Gençlik Üzerine Düşünceler

0
498

Yüreğinde tarifi imkansız kıpırdanışların başladığı, gelecek ideallerinin filizlendiği anın adıdır gençlik. Gençlik gerçektir ve bir halkın gençliği o halkın gerçekliğidir. Biz Çerkes gençleri şüphesiz hiçbir koşul altında kabul edilemeyecek bir tarihin canlı tanıklarıyız, dünyada hiçbir canlının yaşamasını istemeyeceğimiz acılardan büyük pay sahibiyiz. Büyük sürgünde, Abhazya’da, Beslan’da ve günümüzde Çeçenya’da halen sürmekte olan trajediye sessiz kalmak istemiyoruz. Emperyalist sisteme karşı mücadelede gençliğin etkin rol oynadığı tarihe baktığımızda, topluma yönelik politikaların en fazla yoğunlaştığı kesimdir gençlik. Bu nedenle, emperyalist sistemin büyük çabası da, gençliği bu pozisyondan çıkartıp, sistemin eline almaktır. Çerkes gençliği de emperyalist kültür ekseninde kendi özgün kültürünü yaşayamamış, aksine geleceksizleştirmeyi yaşamaktadır. 

 

Çerkes Gençliği Siyasallaşmalıdır… 

Ulusal ve kültürel değerlerin gelişimini, toplumumuzun demokratik değerlerini, kendi öz kimliğimizi ifadelendirebildiğimiz alanlarda, sivil toplum kuruluşlarında, sorunlara çözüm gücü olabilen örgütlenmeler içerisinde, siyasetteki yerini almalıdır gençliğimiz. Kendi özgün örgütlülüğümüzü yaratmak başlıca tarihsel görevimizdir. Günümüzde değerlendirdiğimizde, gençliğimiz tanımladığımız çerçevenin gerisinde durmaktadır. Siyasetten kendini geri çekme anlayışı, bizi birbirimize de, yaşadığımız topluma da yabancılaştırmaktadır… Siyaseti sadece siyasi partiler olarak algılamak hazırlanan tuzağa düşmek demektir… Oysa ki siyaset, gerçekleri araştırıp gün yüzüne çıkartmak, tartışıp gelişip/geliştirmek, çıkarttığımız sonuçları sistematize edip programlı olarak yaşama sunmaktır.
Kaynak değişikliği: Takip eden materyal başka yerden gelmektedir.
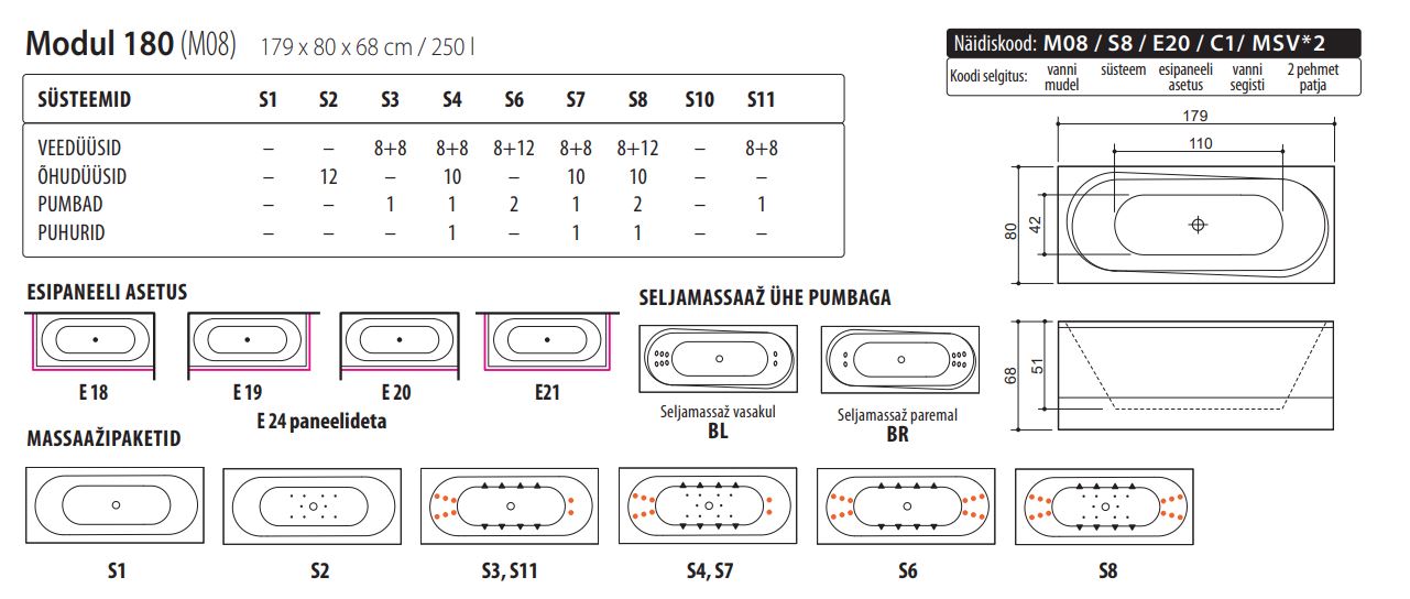 S11 SlimLine Hydro – veemassaaži ja Therapy programmiga vann

Siyasete bakışımız bu olmalıdır. Çerkes gençliği bu konuda avantajlıdır. Mevcut bir kitle gücü vardır ve talepleri vardır. Önemli olan, bu gücü programlar dahilinde harekete geçirebilmektir. Bunu gerçekleştirememek erimeyi yaşatır. Örgütlenme sözcüğü, bazı çevrelere propagandacı olmayı, sadece eylemler yapan grupları çağrıştırıyor. Bu bakışa sahip insanlara bizim toplumumuzda da sıkça rastlıyoruz. Biz bu kalıplaşmış bakış açısına karşın ideallerimizin birliktelikten yani örgütlülükten geçtiğini bıkmadan, usanmadan anlatmalıyız. 

Örgütlenme; bir sınıf, cins, ulus, kültür vb. toplumsal kesimlerin amaçları için belirli ilkeler dahilinde bir araya gelmesi ve çalışmalar yürütmesidir. 

Gençlik ne için örgütlenecek? Neyi amaçlayacak? Görevleri neler olmalıdır? Bu görevlerini nasıl yerine getirmelidir? Bu sorulara vereceğimiz yanıtlar, aynı zamanda kuracağımız geleceğin başlangıcı olacaktır. 

O halde “UNUTMADIK, UNUTMAYACAĞIZ” sözcüklerinin moral ve duygu anlamı dışına çıkarak, bir başka yerden tarihe bakmak ve kurmak, gecikmiş görevlerimiz arasındadır.